The Brontë shrine is to employ its first person dedicated to championing the museum as a centre for contemporary arts.

The job will be to reveal how the Brontë sisters and the wider story of their family, is an inspiration to 21st century writers and artists.

And to help fund the three-year post, the Brontë Parsonage Museum at Haworth has won a grant from the Esmee Fairburn Foundation.

Brontë Parsonage Museum manager Alan Bentle, said: "The grant has given a significant boost to the groundbreaking work to establish the Parsonage not just as a heritage museum but as a place of excellence for contemporary arts."

The arts programme has been in operation since 2005 and had attracted internationally renowned artists and poets like Cornelia Parker, the poet laureate, Andrew Motion and Paula Rego.

The programme of events for 2007-2008 has already been drawn up and includes Amanda Dalton, who will act as poet in residence to mark National Poetry Day, which will be celebrated at the Parsonage tomorrow.

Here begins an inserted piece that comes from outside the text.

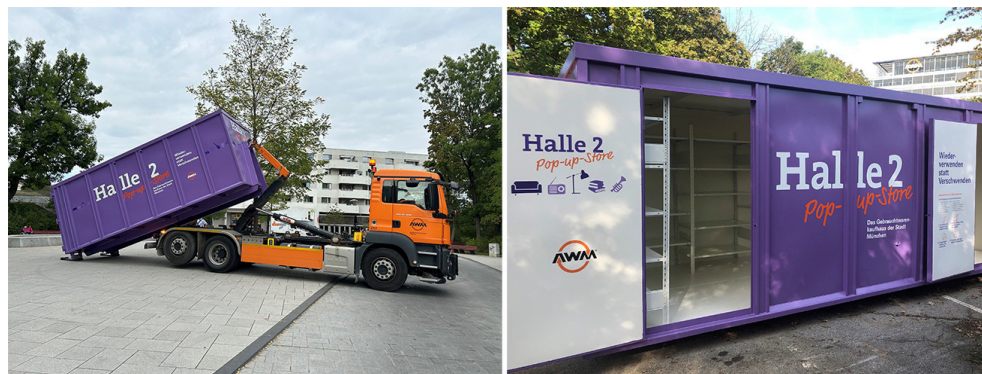
Der Halle 2 Pop-Up-Container

Der AWM ist mit seinem mobilen Halle 2 Container vor Ort, an dem ein Sortiment aus der Halle 2, dem Gebrauchtwarenkaufhaus der Stadt München, zum Verkauf angeboten wird. Die Halle 2, mit Standorten in Pasing und einem Pop-Up-Store in Schwabing, bietet gut erhaltene Secondhandwaren und exklusive Einzelstücke an, die von Münchner*innen gespendet wurden oder anderweitig vor der Entsorgung bewahrt wurden. Der AWM setzt sich aktiv für die Wiederverwendung von Gegenständen ein, um Müllvermeidung zu fördern.

Best selling author Margaret Drabble, who has written about how landscape has influenced writers like the Brontës, will come to Haworth on Wednesday, November 28.

She will be reading her work and discussing the influence of the Brontes.

Joining her will be poetry award winner Wendy Cope who will be discussing her Whitbread poetry award poem If I Don't Know."

Novelist and prize winning writer, Tamar Yellin, who lives in Stanbury, will speak about being a jew in Bronteland, on Wednesday October 17.